> _Assignment_
In your copy, include every entry exactly as written but no pictures.

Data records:
'''

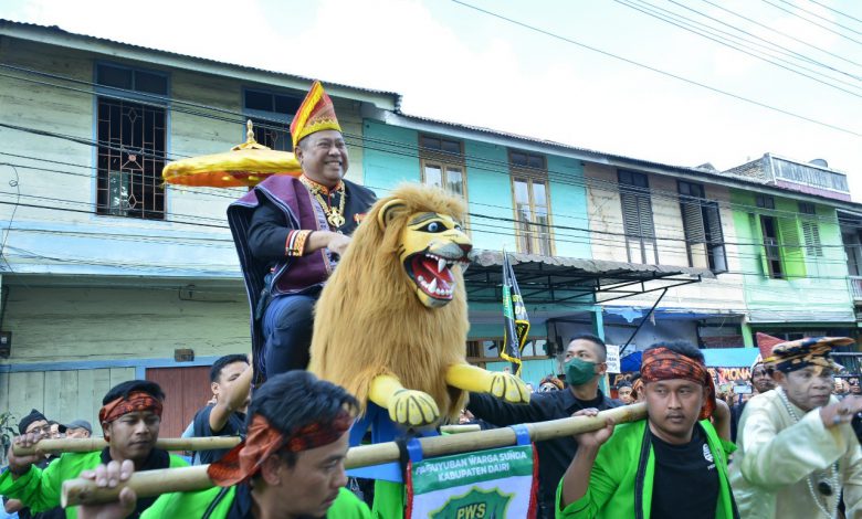 Bupati Dairi Eddy Keleng Ate Berutu dan istri Romy Mariani Eddy Berutu menunggu peserta kirab di depan Gedung Nasional Djauli Manik. Turut mendampingi bupati dan istri adalah Kepala Dinas Kebudayaan dan Pariwisata Provinsi Sumatera Utara Zumi Sulthony, perwakilan Kementerian Pariwisata dan Ekonomi Kreatif RI Joko Suharnowo, Ketua DPRD Dairi Sabam Sibarani, Wakil Ketua DPRD Halvensius Tondang, Wakil Ketua DPRD Wanseptember Situmorang, Dandim 0206/Dairi Letkol Arh Ridwan Sulistyawan, Wakapolres Kompol Denny Boy, Ketua PN Sidikalang Monita Honeisty Sitorus SH MH, dan beberapa pimpinan OPD.
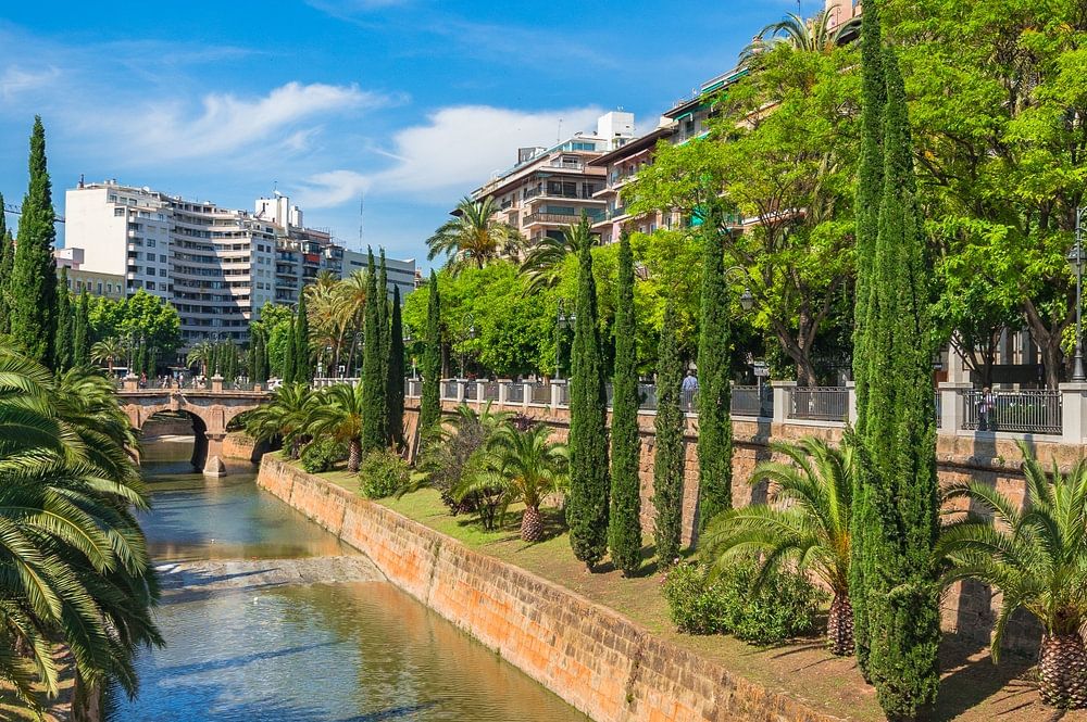 About "Public park wit water canal stream at city center of Palma de Majorca"
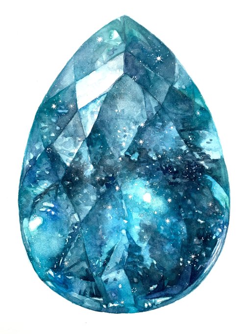 31 150 pietraシリーズ 透明水彩・絵墨・アルシュ紙 参考資料(ブルートパーズ、アメジスト、スモーキークォーツ、ダイヤモンド) 23/02/13 20:29
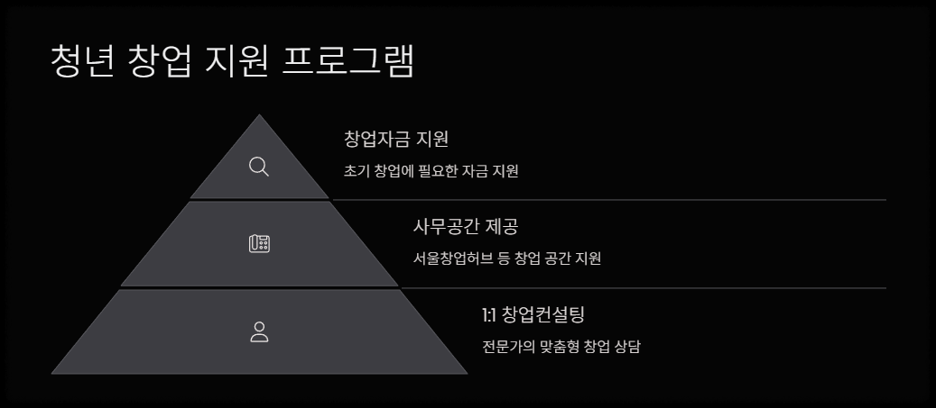 서울창업허브를 비롯한 청년 창업센터에서 창업자금 지원, 사무공간 제공, 1:1 창업컨설팅 등 초기 창업자를 위한 다층적 지원이 이루어집니다. 예비창업패키지와 연계되는 경우도 있습니다.
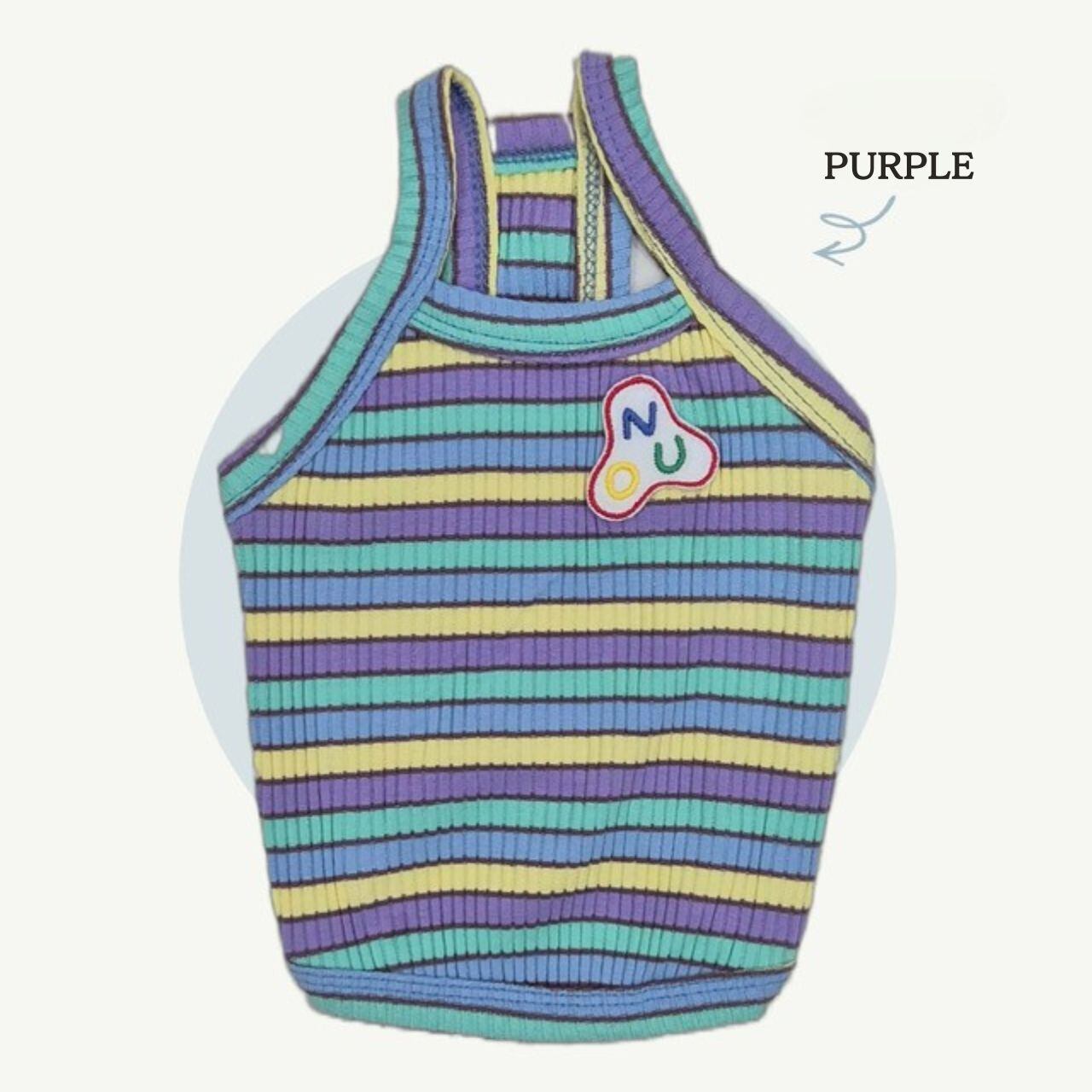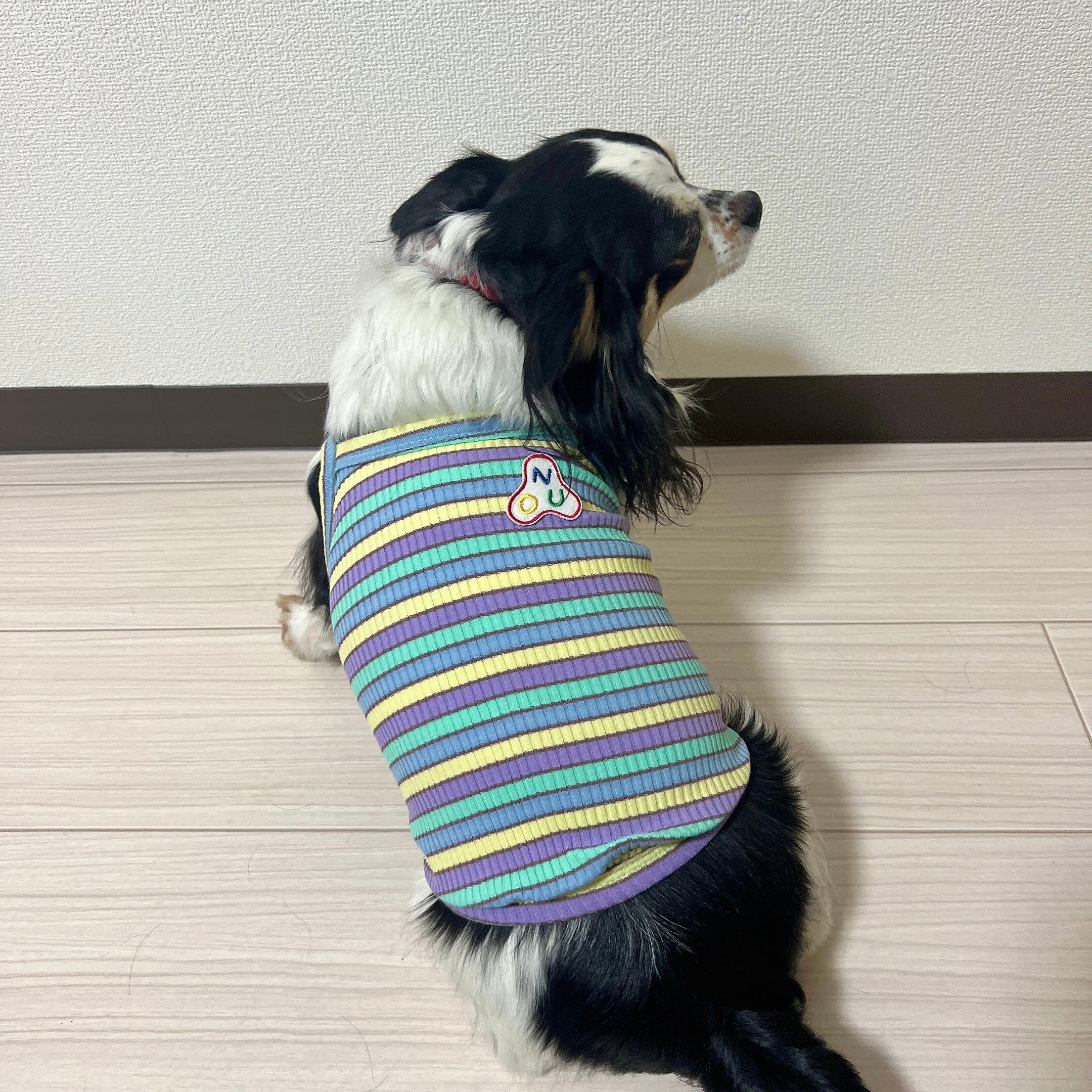 【一部即納】NOUnNOU マルチカラー ボーダーノースリーブ 4colors (PURPLE) ペット服 ドッグウェア
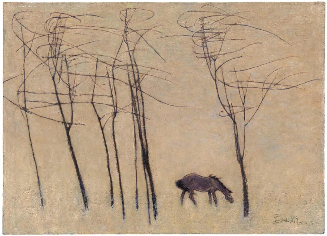 彼之艺,尚节制,贵平衡。主张“无过与不及”,非徒言也。作画数十年,常自省其形与意之和,画面之力与柔之间,线条之收与放之道,皆有深识。风格虽变,而精神不移;语言或异,而根柢未改。画无定式,唯诚为道。其于绘事之志,犹庖丁之于刃,游刃于形骸之外,得意于心手之间。
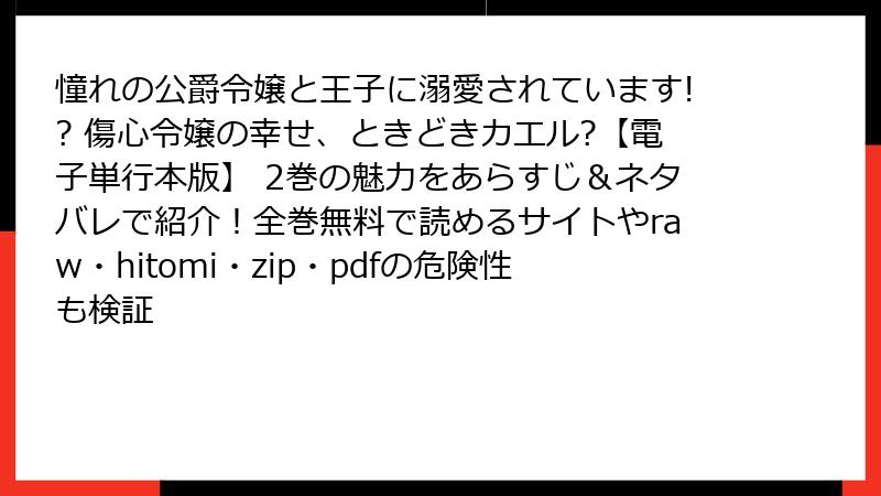 - 憧れの公爵令嬢と王子に溺愛されています!? 傷心令嬢の幸せ、ときどきカエル?【電子単行本版】 2巻 をraw/hitomi/zip/pdf/漫画バンクなどの海賊版サイトで読むリスク
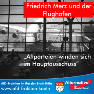 - Die Kölner CDU bringt einen Antrag in den Hauptausschuss ein, wonach eine Privatisierung aller Flughafenanteile verhindert werden soll. Gleichzeitig bereiten aber die CDU-geführten Bundes- und Landesregierungen genau diese Privatisierung vor.
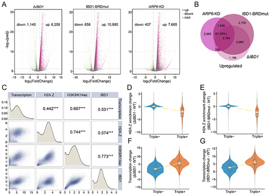 图5. H2A.Z与组蛋白乙酰化协同调控转录并防止过度激活。(A)ΔIBD1、IBD1-BRDmut和ARP6-KD中,转录大范围上调;(B)ΔIBD1、IBD1-BRDmut和ARP6-KD中转录上调的基因高度重叠;(C)H2A.Z、IBD1、H3K9/K14ac富集水平与基因表达水平呈正相关;(D-E)ΔIBD1和IBD1-BRDmut中,同时富集H2A.Z、IBD1和H3K9/K14ac的基因(triple+)以及缺失这三种标记的基因(triple-)的H2A.Z富集变化;(F-G)ΔIBD1和IBD1-BRDmut中,triple+与triple-基因的转录水平变化。
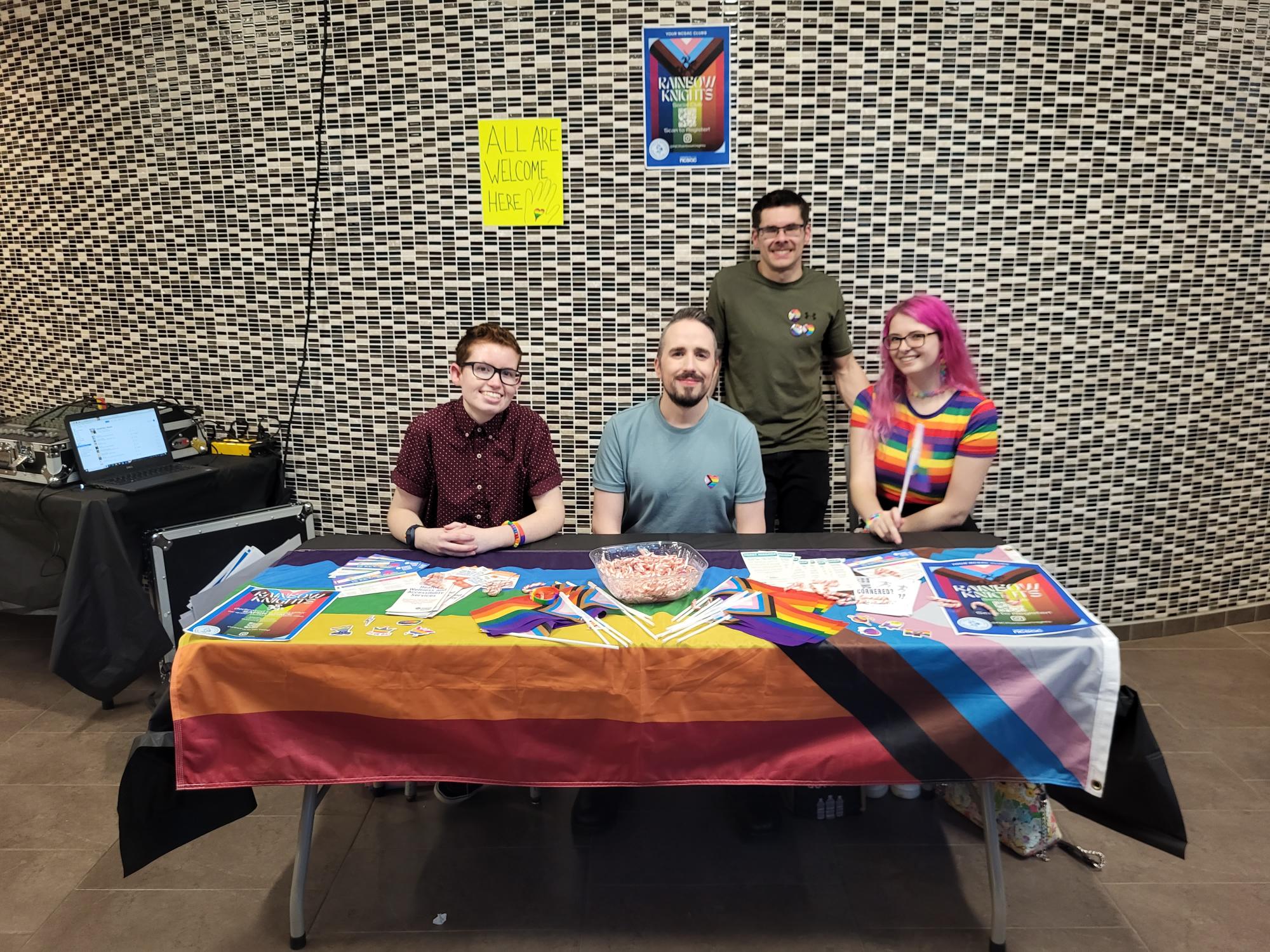 Members of the Rainbow Knights student club at the vendor fair, hosted at the Welland Campus on Nov. 22. L-R: Miles Metcalf, Steve Mackett, Bruin Pol (back row) and Christy Engemann.
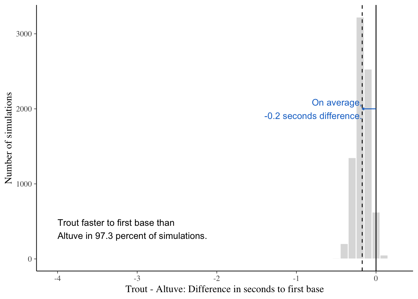 labs(x = 'Trout - Altuve: Difference in seconds to first base',
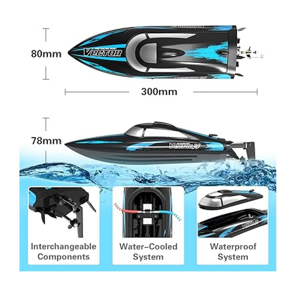 Maravillosos regalos para niños y niñas: el barco Vector XS de alta velocidad RC es fácil y divertido para niños y adultos, y es uno de los barcos de control remoto de agua dulce más duros y rápidos para niños a partir de 14 años. No apto para uso en agua salada.
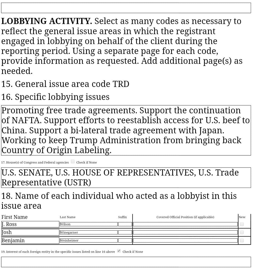 According to a 2017 second-quarter lobbying disclosure filing, 13th District Republican candidate Josh Winegarner was listed as having lobbied on behalf of the Texas Cattle Feeders Association to “support the continuation of NAFTA” and “to keep Trump administration from bringing back country-of-origin labeling.”

'''

> _Result of the task_
 Bupati Dairi Eddy Keleng Ate Berutu dan istri Romy Mariani Eddy Berutu menunggu peserta kirab di depan Gedung Nasional Djauli Manik. Turut mendampingi bupati dan istri adalah Kepala Dinas Kebudayaan dan Pariwisata Provinsi Sumatera Utara Zumi Sulthony, perwakilan Kementerian Pariwisata dan Ekonomi Kreatif RI Joko Suharnowo, Ketua DPRD Dairi Sabam Sibarani, Wakil Ketua DPRD Halvensius Tondang, Wakil Ketua DPRD Wanseptember Situmorang, Dandim 0206/Dairi Letkol Arh Ridwan Sulistyawan, Wakapolres Kompol Denny Boy, Ketua PN Sidikalang Monita Honeisty Sitorus SH MH, dan beberapa pimpinan OPD.
 About "Public park wit water canal stream at city center of Palma de Majorca"
 31 150 pietraシリーズ 透明水彩・絵墨・アルシュ紙 参考資料(ブルートパーズ、アメジスト、スモーキークォーツ、ダイヤモンド) 23/02/13 20:29
 서울창업허브를 비롯한 청년 창업센터에서 창업자금 지원, 사무공간 제공, 1:1 창업컨설팅 등 초기 창업자를 위한 다층적 지원이 이루어집니다. 예비창업패키지와 연계되는 경우도 있습니다.
 【一部即納】NOUnNOU マルチカラー ボーダーノースリーブ 4colors (PURPLE) ペット服 ドッグウェア
 彼之艺,尚节制,贵平衡。主张“无过与不及”,非徒言也。作画数十年,常自省其形与意之和,画面之力与柔之间,线条之收与放之道,皆有深识。风格虽变,而精神不移;语言或异,而根柢未改。画无定式,唯诚为道。其于绘事之志,犹庖丁之于刃,游刃于形骸之外,得意于心手之间。
 - 憧れの公爵令嬢と王子に溺愛されています!? 傷心令嬢の幸せ、ときどきカエル?【電子単行本版】 2巻 をraw/hitomi/zip/pdf/漫画バンクなどの海賊版サイトで読むリスク
 - Die Kölner CDU bringt einen Antrag in den Hauptausschuss ein, wonach eine Privatisierung aller Flughafenanteile verhindert werden soll. Gleichzeitig bereiten aber die CDU-geführten Bundes- und Landesregierungen genau diese Privatisierung vor.
 图5. H2A.Z与组蛋白乙酰化协同调控转录并防止过度激活。(A)ΔIBD1、IBD1-BRDmut和ARP6-KD中,转录大范围上调;(B)ΔIBD1、IBD1-BRDmut和ARP6-KD中转录上调的基因高度重叠;(C)H2A.Z、IBD1、H3K9/K14ac富集水平与基因表达水平呈正相关;(D-E)ΔIBD1和IBD1-BRDmut中,同时富集H2A.Z、IBD1和H3K9/K14ac的基因(triple+)以及缺失这三种标记的基因(triple-)的H2A.Z富集变化;(F-G)ΔIBD1和IBD1-BRDmut中,triple+与triple-基因的转录水平变化。
 Members of the Rainbow Knights student club at the vendor fair, hosted at the Welland Campus on Nov. 22. L-R: Miles Metcalf, Steve Mackett, Bruin Pol (back row) and Christy Engemann.
 labs(x = 'Trout - Altuve: Difference in seconds to first base',
 Maravillosos regalos para niños y niñas: el barco Vector XS de alta velocidad RC es fácil y divertido para niños y adultos, y es uno de los barcos de control remoto de agua dulce más duros y rápidos para niños a partir de 14 años. No apto para uso en agua salada.
 According to a 2017 second-quarter lobbying disclosure filing, 13th District Republican candidate Josh Winegarner was listed as having lobbied on behalf of the Texas Cattle Feeders Association to “support the continuation of NAFTA” and “to keep Trump administration from bringing back country-of-origin labeling.”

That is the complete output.